So your saying you'd be allowed to have headphones in your ears while you're falling asleep???

----------


## Katniss

Brothers yo- take it outside.

----------


## NightSpy2

Lol. Soz.
Just RL mates. xD

----------


## TheModernNinja

Haha....

Lol dunno but maybe while a WBTB I can..then wake up before my mum...

----------


## leightond

If you want an experience of SP learn to astral project. I stopped doing this when it happened to me scared the hell out of me.

----------


## snoop

> I still wish I knew why one would want SP...

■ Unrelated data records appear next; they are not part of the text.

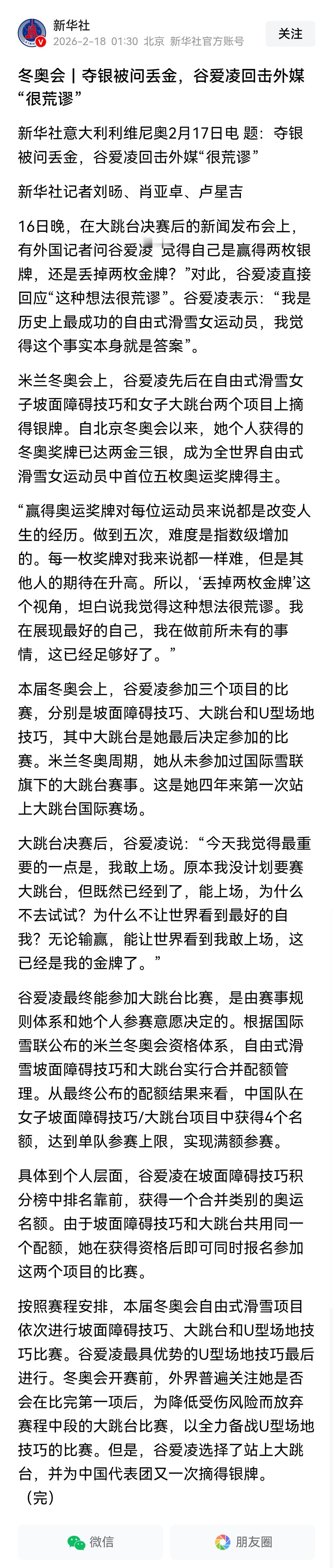 一些网友还在关注有几个夺金点。其实,冬奥会比到现在,与其关注能不能拿到金牌,谁能为中国队获得第一枚金牌,还不如让运动员别去关注比赛结果,放下夺金的包袱享受比赛。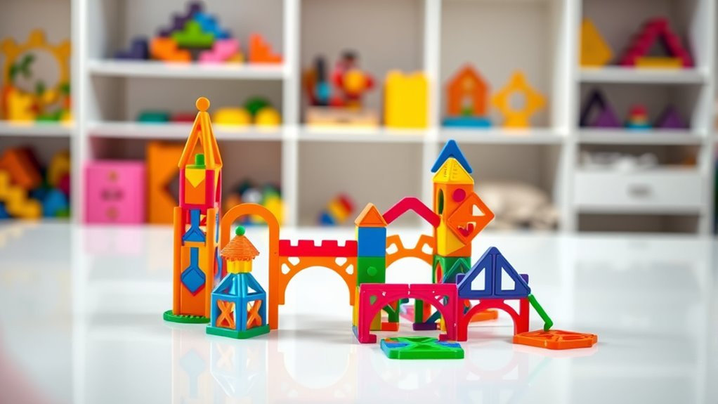 When choosing the best magnetic tiles for kids in 2025, I look at sets like Magna-Tiles and Connetix, comparing their sizes, designs, and educational features. Magna-Tiles offers a variety of sets, from small introductory packs to large, elaborate ones, while Connetix is known for sturdiness and unique shapes. If you want to discover which set suits different ages, skills, and budgets, keep going for more details and insights.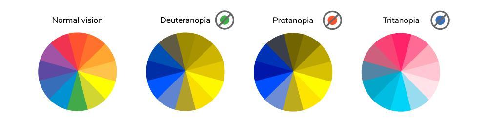 • Tritanomalyisalsoknownas"blueweakness."Itischallengingtodistinguishbetweenblueandgreenas wellasbetweenyellowandredwhenonehasthislessprevalenttypeofcolorblindness.Peopletypicallysee someshadesofbluebecausetheyhaveblueconesintheireyes.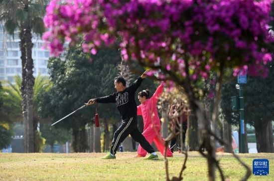 2月4日,人們在廣西南寧市南湖邊健身。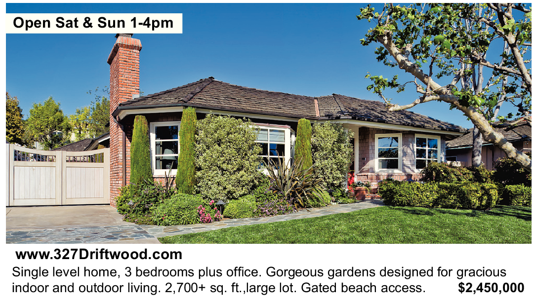 www.327Driftwood.com Single level home, 3 bedrooms plus office. Gorgeous gardens designed for gracious indoor and outdoor living. 2,700+ sq. ft.,large lot. Gated beach access. $2,450,000

It depends on your perception of the experience.  I enjoy SP too, especially when it's interesting.  By interesting, I usually mean painful or what would otherwise be scary.  It's kind of like riding on a roller coaster--thrilling, but a strong sense of security because there is no danger.  The second time I got SP, it felt as though my bed were tipped backwards 45 degrees (I was laying on my back) with my head on the tipped down side.  Then I felt all of my limbs violently shaking, like they were being ripped from their sockets but in all different directions.  I also felt as though some of my teeth were being wrenched out, I could even taste blood.  The whole time though, I was thinking how cool it was.  I could feel the pain, but it was entirely washed out because I knew it was fake. I was more amazed at how _real_ it felt and how the mind could do such a good job at emulating the experience.

----------


## TheModernNinja

You know whats funny? I still dont know what astral projecting is. lol Ive been so focused on LDing...

----------


## leightond

its an out of body experience that you can teach yourself todo. Sort of like lucid dreaming. I dont recommend unless you study it first. Even then it still might not be safe. I got really freaked out when i almost AP.  Lol

----------


## Katniss

@Snoop. That is really intense like super intense. I understand your point of view, but I think i would have been sooo scared. I just got to get that fear out of the way. The pain would have sent me over the edge as well.

----------


## scorqyon

When I stare too much at an object I usually have this hallucination that the room's color is changing...I get scared, I look away and everything turns back to normal.
This was happening to me often when I was young...I often had weird hallucinations like seeing an 8-bit dog on my coach. Or hands flipping near the door, but those hallucinations lasted like 5 seconds and were very unclear. (almost unobservable sometimes)
The most vivid hallucination I ever had was when my mom appeared right at the door from nowhere. When I went to see what the hell is going on she disappeared. O_O

----------


## TheModernNinja

> its an out of body experience that you can teach yourself todo. Sort of like lucid dreaming. I dont recommend unless you study it first. Even then it still might not be safe. I got really freaked out when i almost AP.  Lol



AP?
K, im gonna start studying it. I love risky stuff  :tongue2:

----------


## Katniss

OMG when I was younger I almost had an OOBE and it scared the he'll out of me^^. Good Luck-

----------


## Crucide

> When I stare too much at an object I usually have this hallucination that the room's color is changing...I get scared, I look away and everything turns back to normal.
> This was happening to me often when I was young...I often had weird hallucinations like seeing an 8-bit dog on my coach. Or hands flipping near the door, but those hallucinations lasted like 5 seconds and were very unclear. (almost unobservable sometimes)
> The most vivid hallucination I ever had was when my mom appeared right at the door from nowhere. When I went to see what the hell is going on she disappeared. O_O



Lol one time I was just watching the hallucinations and one looked like a cat on my bed,I swated at it.
Turned out it was my cat and it attacked me.

----------


## nito89

*At least you know your limits Katniss, thats the first step to pushing them further =]. 
Nito.*

----------


## Katniss

Now those are words of wisdom  ::D: 

Oh and lol with th cat^^

----------


## leightond

> @Snoop. That is really intense like super intense. I understand your point of view, but I think i would have been sooo scared. I just got to get that fear out of the way. The pain would have sent me over the edge as well.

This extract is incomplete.